В окружении московского князя уже знали, что к берегам Вожи татарскую орду привел не Мамай, а какой-то мурза Бегич. Князья и воеводы обрели некоторую уверенность в себе, сознавая, что перед ними не главные силы Мамая. Татар, конечно, очень много, но подавляющего перевеса над русской ратью у них нет. Пленив какого-то зазевавшегося татарского десятника, русские дозорные вызнали у него численность Бегичева войска и имена всех предводителей туменов.
Русское становище соседствовало с деревушкой в пять дворов, все жители которой спешно ушли отсюда в лесные урочища, узнав, что к Воже приближается ордынская конница. Здешние смерды еще не оправились от страха после прошлогоднего набега Араб-Шаха. В деревеньке имелись три бани. В один из вечеров самую просторную из этих бань великокняжеские слуги как следует протопили. Дмитрию Ивановичу захотелось вдруг попариться.

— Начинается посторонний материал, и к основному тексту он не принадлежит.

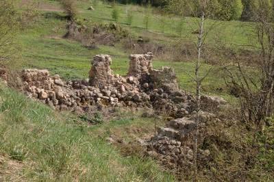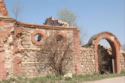 Но разведка ничего не дала, и мы сообразили вернуться к мелькнувшей у дороги развалине. Перебравшись через нее, обнаружили огромное пространство посреди леса, заросшее одичавшими кустами таволги, бузиной, малиной и черемухой. Полуразрушенные строения на фоне сухой травы мы заметили не сразу, и только внимательно приглядевшись, вдруг увидели, как впереди выросли стены, сложенные из желтого бута: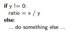 Revising our first example, the division operation can be guarded as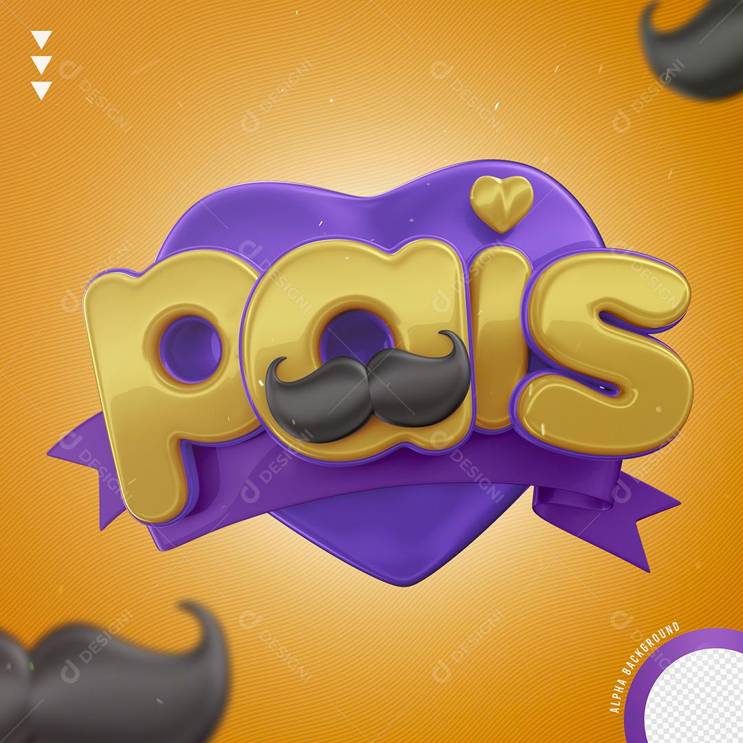Pais Selo 3D Dourado e Roxo para Composição PNG Transparente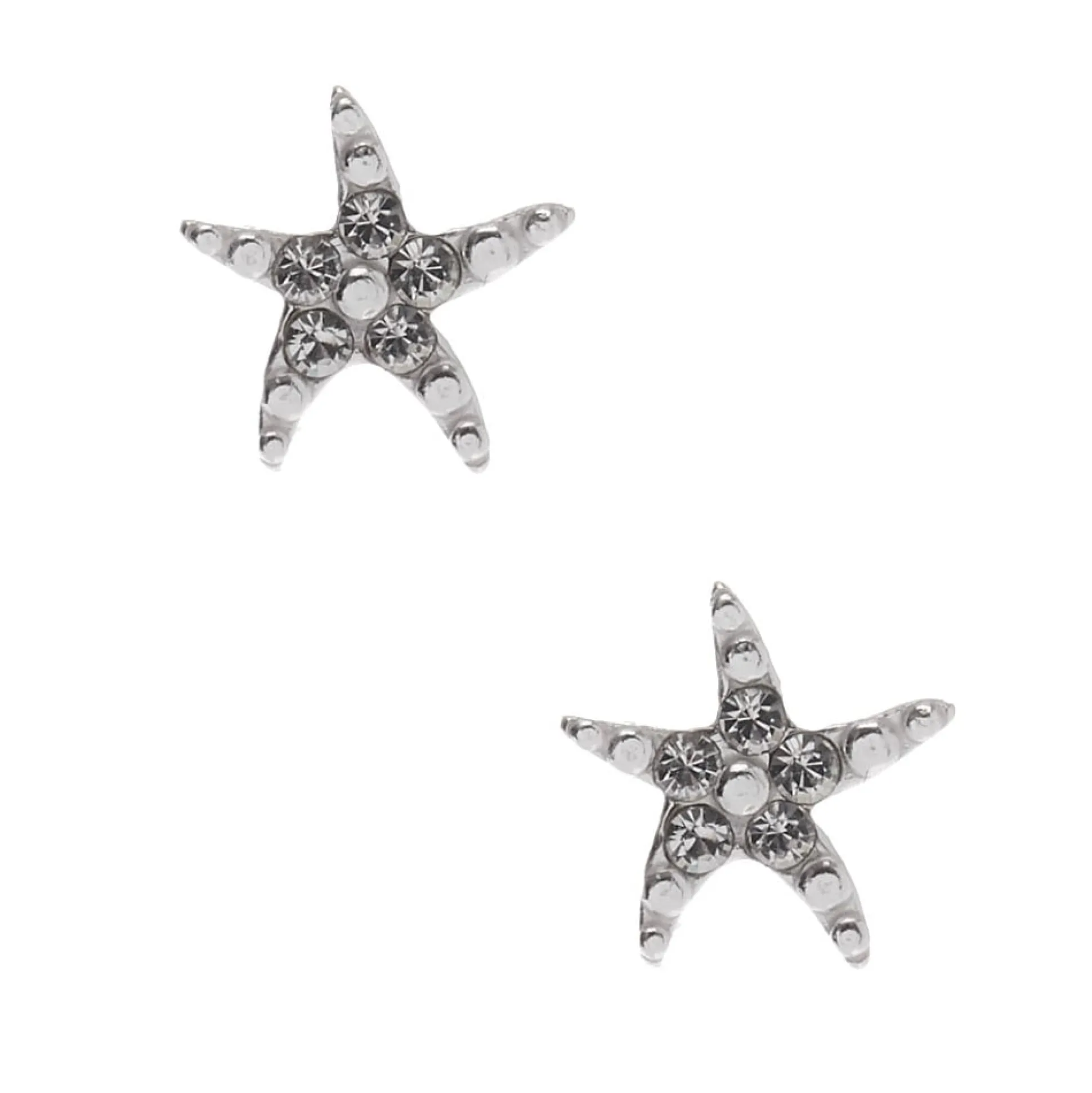 Ajoute des ondes de plage à tes oreilles grâce à cette paire de clous. Ces boucles d’oreilles en forme d’étoile de mer en argent sont rehaussées de mini strass.

В баню Дмитрий отправился не один, а с Владимиром и Остеем.
Баня была довольно древняя, но прочная, сложенная из бревен в два охвата, с мохом в пазах, с позеленелой от времени тесовой крышей. Трубы у бани не было, дым из печи-каменки выходил на чердак и дальше вытягивался наружу через слуховое оконце.
В предбаннике было тесно, на земляном полу была настелена солома. В стену были вбиты короткие деревянные клинья для одежды и шапок.
Усевшись на скамью и снимая с ног сапоги, Дмитрий ворчливо обратился к Владимиру:
– Чего же твой друг закадычный не пришел к нам со своей дружиной, а?
– О ком ты, брат? – спросил Владимир, стянув с себя через голову длинную льняную рубаху.
– Знамо о ком – об Олеге Ивановиче, – ответил Дмитрий. – До нашего стана от Рязани всего-то десяток верст, пешком за полдня дойти можно. Пронский князь ведь пришел к нам. А Олег чего же в стороне отсиживается? Чай, рать наша не токмо за Москву биться с татарами вышла, но и за Рязань тоже!
– Мне мысли Олеговы неведомы, государь, – сухо обронил Владимир, раздевшись донага и складывая свою одежду с краю на скамье.
– Как же так, брат? – Дмитрий раздраженным жестом швырнул на скамью свои порты и однорядку. – Ты с Олегом дружбу водишь, каменщиков к нему засылаешь, Олегова жена в гостях у тебя бывает… Сие говорит о том, что…
– Ни о чем это не говорит, брат! – перебил Дмитрия Владимир. – Наши с Олегом жены – сестры по отцу, потому и тянутся друг к дружке. А то, что я помогаю Олегу град его восстанавливать, так это мой христианский долг. Ты ведь тоже помогаешь пронскому князю.
– Пронский князь – мой проверенный друг, – сказал Дмитрий, снимая с себя исподнюю белую рубаху. – Олег же – мой недруг. Улавливаешь разницу, братец?
Видя, что у набычившегося Владимира заходили желваки на скулах, Остей торопливо вставил:
– Братья, полно вам собачиться. Не пришел Олег – ну и черт с ним! Без него обойдемся. Может, Олега и в Рязани-то нет. Он, поди, где-нибудь в лесах за Окой хоронится.
– Вот именно! – помрачнел Дмитрий, оставшись нагишом с одним нательным крестиком на шее. – Олег в леса забился, как дикий зверь. Тесть мой в Суздале отсиживается. Брат его в Городце чего-то выжидает. Михаил Александрович вдруг занедужил некстати. От ростовских князей ни слуху ни духу. – Дмитрий взялся за дверную ручку, собираясь пройти в парную. – А ведь все эти князья, кроме Олега, в свое время клялись на святом распятии стоять со мной плечом к плечу, коль Орда на Русь двинется. Все эти князья христиане и мои дальние родственники, токмо они враз позабыли об этом!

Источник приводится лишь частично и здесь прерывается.